Information supplied:

++++

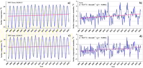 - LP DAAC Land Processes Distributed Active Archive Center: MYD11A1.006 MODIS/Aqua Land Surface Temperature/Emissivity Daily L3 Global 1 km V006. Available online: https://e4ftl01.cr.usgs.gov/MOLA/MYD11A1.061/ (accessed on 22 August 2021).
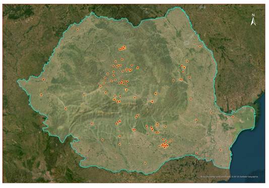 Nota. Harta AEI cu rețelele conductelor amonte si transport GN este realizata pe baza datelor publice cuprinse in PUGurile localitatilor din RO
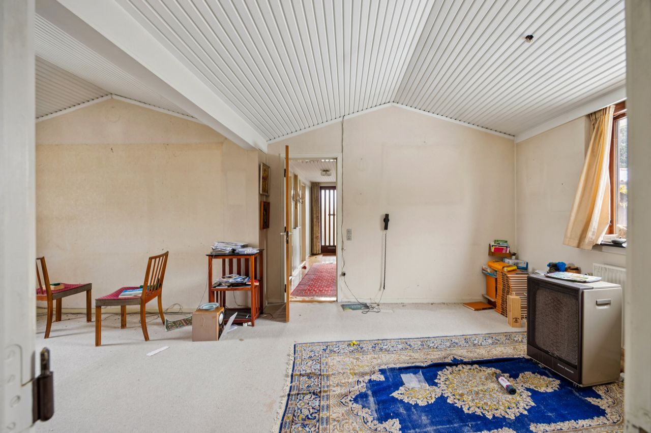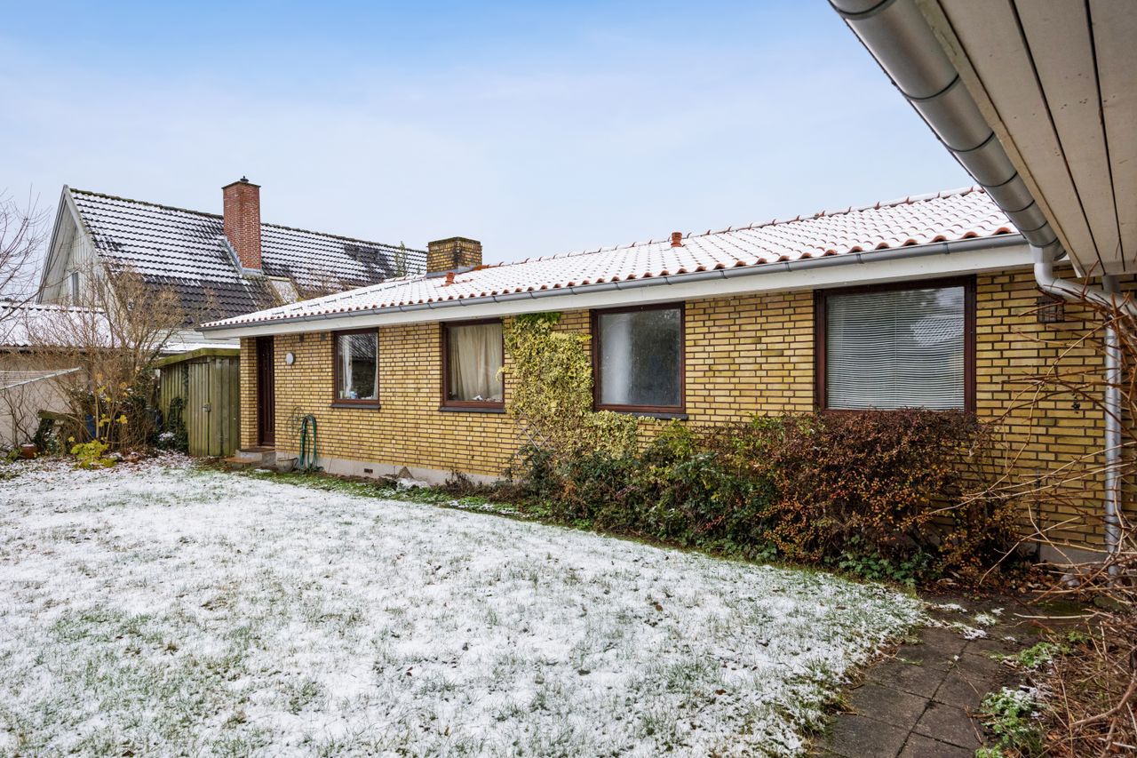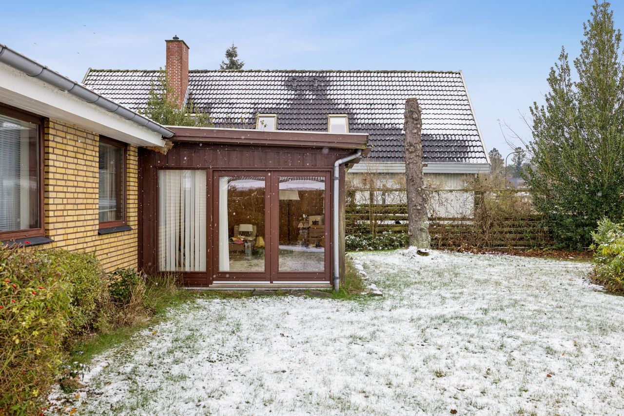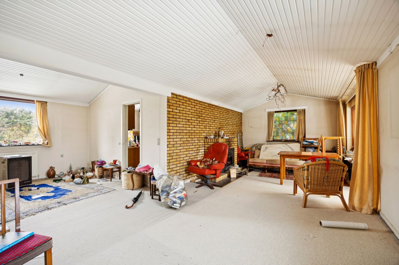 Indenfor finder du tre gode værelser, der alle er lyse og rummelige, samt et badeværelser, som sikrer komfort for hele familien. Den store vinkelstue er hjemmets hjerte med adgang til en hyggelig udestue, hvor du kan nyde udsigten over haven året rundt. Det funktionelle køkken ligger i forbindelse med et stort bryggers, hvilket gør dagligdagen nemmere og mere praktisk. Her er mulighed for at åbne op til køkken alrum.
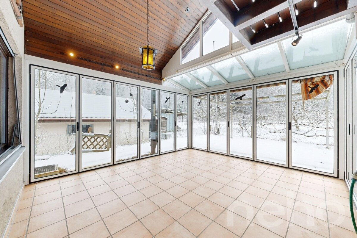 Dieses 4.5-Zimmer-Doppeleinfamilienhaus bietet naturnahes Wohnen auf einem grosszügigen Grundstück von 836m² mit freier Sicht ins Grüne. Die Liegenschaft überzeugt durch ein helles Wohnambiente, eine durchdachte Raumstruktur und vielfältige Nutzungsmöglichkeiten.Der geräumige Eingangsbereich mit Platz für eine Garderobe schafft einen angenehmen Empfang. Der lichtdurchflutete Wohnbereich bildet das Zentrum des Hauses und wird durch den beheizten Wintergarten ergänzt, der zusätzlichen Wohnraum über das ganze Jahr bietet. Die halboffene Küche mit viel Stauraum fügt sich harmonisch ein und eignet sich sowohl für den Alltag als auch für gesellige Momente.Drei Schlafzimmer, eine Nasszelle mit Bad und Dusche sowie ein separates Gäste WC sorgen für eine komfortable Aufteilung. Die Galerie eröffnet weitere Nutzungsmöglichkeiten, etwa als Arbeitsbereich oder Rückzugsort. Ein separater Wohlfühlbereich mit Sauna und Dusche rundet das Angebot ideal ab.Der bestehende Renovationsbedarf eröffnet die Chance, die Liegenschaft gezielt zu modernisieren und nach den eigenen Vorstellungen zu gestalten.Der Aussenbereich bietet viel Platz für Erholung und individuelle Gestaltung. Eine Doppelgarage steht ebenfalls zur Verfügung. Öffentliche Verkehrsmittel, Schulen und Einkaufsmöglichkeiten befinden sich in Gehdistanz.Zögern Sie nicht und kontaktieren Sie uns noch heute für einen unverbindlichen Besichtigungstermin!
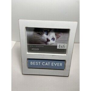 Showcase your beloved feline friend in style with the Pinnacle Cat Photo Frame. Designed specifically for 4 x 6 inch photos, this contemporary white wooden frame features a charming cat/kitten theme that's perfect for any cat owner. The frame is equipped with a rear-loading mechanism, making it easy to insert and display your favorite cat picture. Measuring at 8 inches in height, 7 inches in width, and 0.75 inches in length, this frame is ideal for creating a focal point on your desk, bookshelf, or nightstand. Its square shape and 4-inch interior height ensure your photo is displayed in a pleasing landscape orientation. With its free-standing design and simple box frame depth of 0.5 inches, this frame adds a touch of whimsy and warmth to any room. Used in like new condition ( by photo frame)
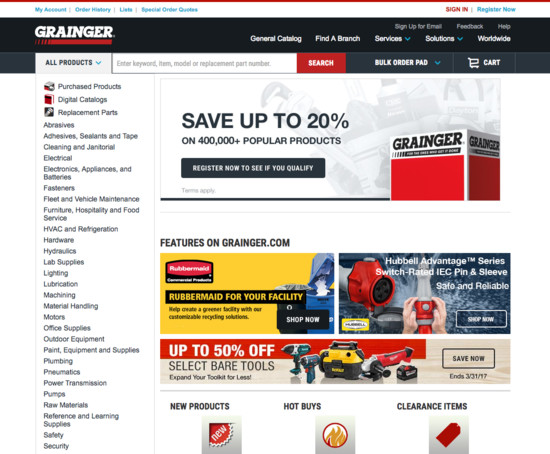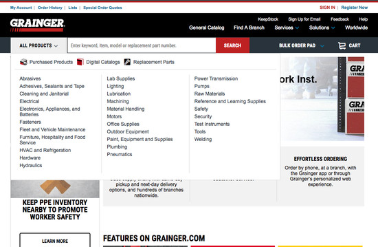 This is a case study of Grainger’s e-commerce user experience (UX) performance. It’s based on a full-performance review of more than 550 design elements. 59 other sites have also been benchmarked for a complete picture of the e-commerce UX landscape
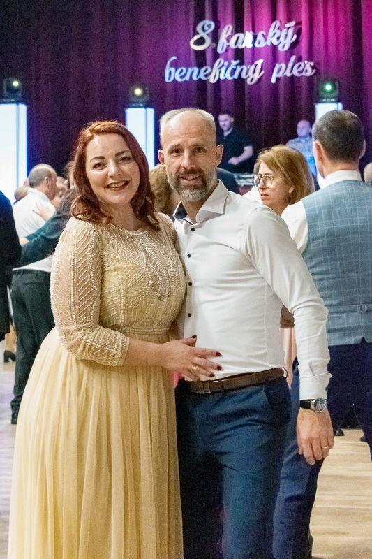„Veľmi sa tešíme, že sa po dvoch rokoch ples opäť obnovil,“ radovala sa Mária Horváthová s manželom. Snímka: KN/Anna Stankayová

++++

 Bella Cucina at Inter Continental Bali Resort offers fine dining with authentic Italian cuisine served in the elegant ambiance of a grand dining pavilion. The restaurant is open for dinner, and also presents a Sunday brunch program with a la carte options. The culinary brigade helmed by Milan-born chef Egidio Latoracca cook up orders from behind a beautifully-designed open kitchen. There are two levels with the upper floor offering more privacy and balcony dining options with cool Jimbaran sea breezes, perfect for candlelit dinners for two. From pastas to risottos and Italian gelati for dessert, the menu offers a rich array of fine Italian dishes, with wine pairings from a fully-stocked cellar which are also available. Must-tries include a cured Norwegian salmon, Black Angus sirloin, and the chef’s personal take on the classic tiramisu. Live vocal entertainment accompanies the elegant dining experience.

++++

Above are some entries; copy exactly the lines from the line with "This is a case" through the line with "Snímka: KN/Anna Stankayová", both included, but none of the pictures.

Solved exercise:
 This is a case study of Grainger’s e-commerce user experience (UX) performance. It’s based on a full-performance review of more than 550 design elements. 59 other sites have also been benchmarked for a complete picture of the e-commerce UX landscape
„Veľmi sa tešíme, že sa po dvoch rokoch ples opäť obnovil,“ radovala sa Mária Horváthová s manželom. Snímka: KN/Anna Stankayová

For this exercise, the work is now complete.